Trenam Represents Major Furniture Retailer in $580 Million Acquisition
Published by The Ledger on November, 26, 2021
Mulberry-based W.S. Badcock acquired by Franchise Group Inc. for $580 million
Paul Nutcher The Ledger
Published 10:08 a.m. ET Nov. 26, 2021
LAKELAND – Franchise Group Inc. announced this week that it has acquired W.S. Badcock Corp. in a cash transaction valued at approximately $580 million.
Mulberry-based Badcock operates 383 stores in eight Southeastern states comprised of 68 corporate locations and 315 independent dealer owned stores.
Founded in 1904, the stores are branded “Badcock Home Furniture & more” and carry a complete line of furniture, appliances, bedding, electronics, home office equipment, accessories and seasonal items.
“Protecting the legacy of our 117-year old family-owned business, which has been grown through five generations, our relationships with customers, vendors, dealers, employees, and our deep ties to the local communities in which we operate, have always been of utmost important to us,” said Bill Pou Jr., W.S. Badcock’s board chairman, in a news release issued on Monday by Franchise Group.

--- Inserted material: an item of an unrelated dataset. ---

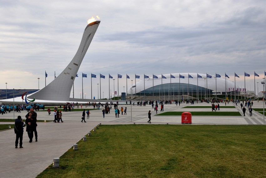 Погода в Олимпийском парке в этот день стояла мрачная, но дождя не было, до церемонии закрытия успел посетить экспозицию регионов России и сделать несколько прощальных фото из Олимпийского парка.
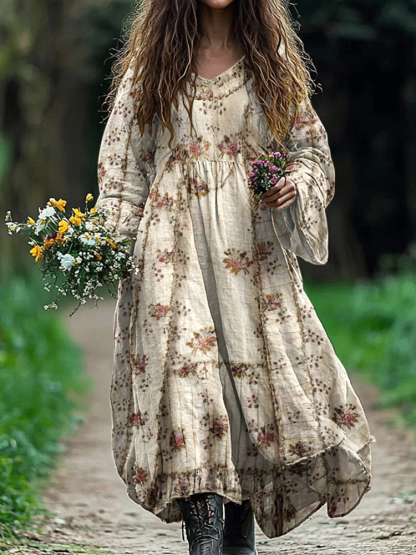 Women's Vintage Floral Print Linen Blend Midi Dress

“We wanted to find a buyer who would respect our company’s long and storied history and, in Franchise Group, we immediately recognized a management group and a company that shared our values and will help W.S. Badcock build upon the legacy created by the current family and those who preceded us.
“We are confident that we are leaving our treasured company in good hands and that this decision will help to produce a winning combination for our customers, vendors, dealers and employees,” he said.
Brian Kahn, president and CEO of Franchise Group, said, “A sincere thank you to the Badcock family for entrusting their 117-year legacy to Franchise Group. We are very excited to welcome the Badcock management team, employees, dealers and customers to Franchise Group.
“Besides potential significant standalone earnings accretion for the company, the addition of Badcock adds scale to, and anticipated synergies with our existing home furnishings franchise concepts, which we are confident will specifically benefit American Freight and Buddy’s franchisees and customers,” Kahn said.
“We also look forward to evaluating and implementing programs that may offer Badcock customers more options and greater flexibility, which we think will lead to higher revenue and profitability for Badcock dealers, similar to the process that led to improved unit economics for our Buddy’s and American Freight brands.”
For the fiscal year ending June 30, Badcock generated consolidated revenue of about $901.9 million and adjusted earnings before interest, taxes, depreciation and amortization of about$139.5 million.
J.P. Morgan arranged for $575 million in new term loans to finance the transaction. Willkie Farr & Gallagher LLP, Troutman Pepper Hamilton Sanders LLP and DLA Piper LLP served as legal counsel to Franchise Group. Mann, Armistead & Epperson, Ltd. served as financial advisor and Trenam Law served as legal counsel to W.S. Badcock.